By Christopher DeGroff, Reema Kapur, and Gerald L. Maatman, Jr.

At long last, the EEOC has finally issued its FY 2013 Performance and Accountability Report (“PAR”) on the evening of December 16, 2013. For those waiting to see an interesting twist on the EEOC’s internal metrics, the PAR did not disappoint. The PAR details the EEOC’s activities from October 1, 2012 to September 30, 2013. The PAR is the agency’s internal annual report and reflects its assessment of its FY 2013 program and financial performance. The FY 2013 PAR provides critical insight into the EEOC’s strategic objectives as it closes in on the approximate half-way point of its 2012-2016  Strategic Enforcement Plan (“SEP”). It also reveals surprising departures from the agency’s stated objectives, possibly signaling that the agency may double-down in its 2014 enforcement efforts to make up for the goals its missed. 

Here are highlights of some of the “bangs” and “fizzles” and what these trends might mean for the future.

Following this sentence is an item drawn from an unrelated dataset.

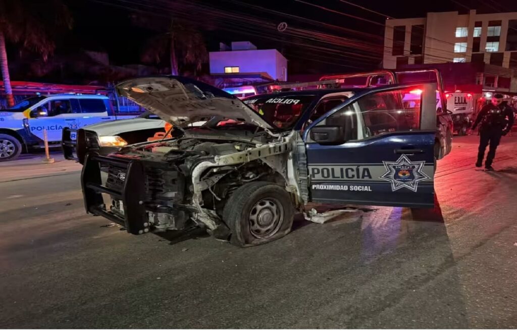 Cancún, QR — Una patrulla policial y un automóvil particular resultaron destrozados luego de chocar ...

Half-Way Point For Current SEP

A key performance measure is the agency’s enforcement and litigation activity as compared to three strategic objectives outlined in the Commission’s Strategic Enforcement Plan. These objectives are: (1) combating employment discrimination through strategic law enforcement; (2) preventing employment discrimination through education and outreach; and (3) delivering excellent and consistent service through skilled and diverse workforce and effective systems.

Last year, EEOC Chair Jacqueline Berrien pointed out that the EEOC was in the early stages of implementing new Strategic Plan, noting it had made meaningful progress on its strategic objectives. With the FY 2013 PAR, the agency – and employers – have another year’s worth of EEOC enforcement and litigation data. As such, the FY 2013 PAR provides a great opportunity to look back at the FY 2012 PAR and make year-over-year comparisons of key metrics. Further, it shows that although the agency met some of the 14 performance measures identified in the SEP, it fell far short of others. 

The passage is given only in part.